Iniciou-se assim a diáspora dos sefardins. E os judeus espanhóis partiram para o exílio. Deixando para trás 1.400 anos de raízes, de referências, de cultura. Com tudo o que o desterro implica de ruptura, de doloroso, de trágico. Por que eles eram expulsos da própria pátria? Apenas porque eram judeus. E os sefardins partiram para sempre. Alguns tomaram o rumo de Portugal, de onde foram expulsos quatro anos depois, em 1496. Outros foram para o Magreb (Marrocos, Argélia e Tunísia) ou para o Egito. Outros foram para a Itália ou para a Holanda (país que sempre foi um exemplo de tolerância, terra do grande filosofo Baruch Spinoza, filho de sefardins). Mas a maioria foi para os países que formavam o Império Otomano, ou seja, para a antiga Iugoslávia, Bulgária, Grécia e Romênia, na época dominados pelos turcos, e até para a própria Turquia. Países para os quais levaram não só as tradições judaicas, mas as espanholas, como a língua, o ladino, o espanhol que se falava em Sefarad quando eles foram expulsos. O ladino, que alguns linguistas consideram espanhol arcaico (com elementos hebraicos), enquanto outros o consideram uma língua neolatina.
Hoje os judeus sefardins estão espalhados pelo mundo. O prêmio Nobel de Literatura de 1981, Elias Canetti, era búlgaro sefardim e a primeira língua que ele falou foi o ladino, com seus pais.

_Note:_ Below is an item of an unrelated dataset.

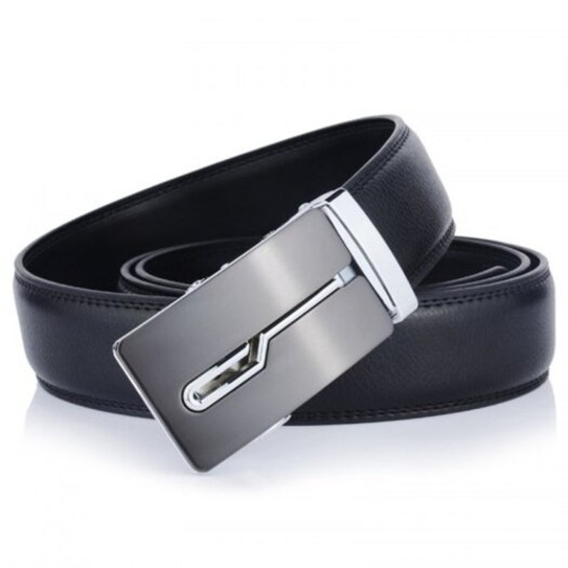 Men's Genuine Leather Belt With Automatic Buckle Business Durable Waistband Black Belts

No Brasil – que tem mais de 100 mil judeus (o país com mais judeus da América Latina é a Argentina, com 180 mil) – a maioria é esquenazi (ou ashkenazi), ou seja, judeus originários da Europa Central e Oriental. Alguns sefardins brasileiros são famosos, como Sílvio Santos (seu sobrenome é Abravanel), o pianista Arnaldo Cohen e o cineasta Jom Azulay, entre outros. Uma pequena dica: vale a pena ouvir as belíssimas canções judaico-espanholas, em ladino, de Fortuna, cantora paulista de origem judaica.
Uma curiosidade que muitos brasileiros desconhecem. Houve, no século XIX, uma imigração de judeus sefardins, provenientes do Marrocos (especificamente das cidades de Tânger e Tétouan), que se estabeleceram na Amazônia, onde podem ser encontradas famílias com sobrenomes como Benayon, Benchimol, Benzaken, Cohen, Ohana e outros.
Shalom, irmãos sefardins.
25-04-2014
R.Roldan-Roldan é escritor
http://www.davidhaize.wordpress.com
Publicado pelo jornal Correio Popular de Campinas/SP em 13 de maio de 2014

Uma resposta to “Shalom, Sefarad”

  1. Murilo André Says:

    Muito interessante a reportagem. Gostaria de deixar uma dica de leitura “A Mezuzá nos pés da Madona” de Trudy Alexi que resgata um pouco da história dos judeus sefarditas com um tom confessional e biográfico. Abraço fraternal.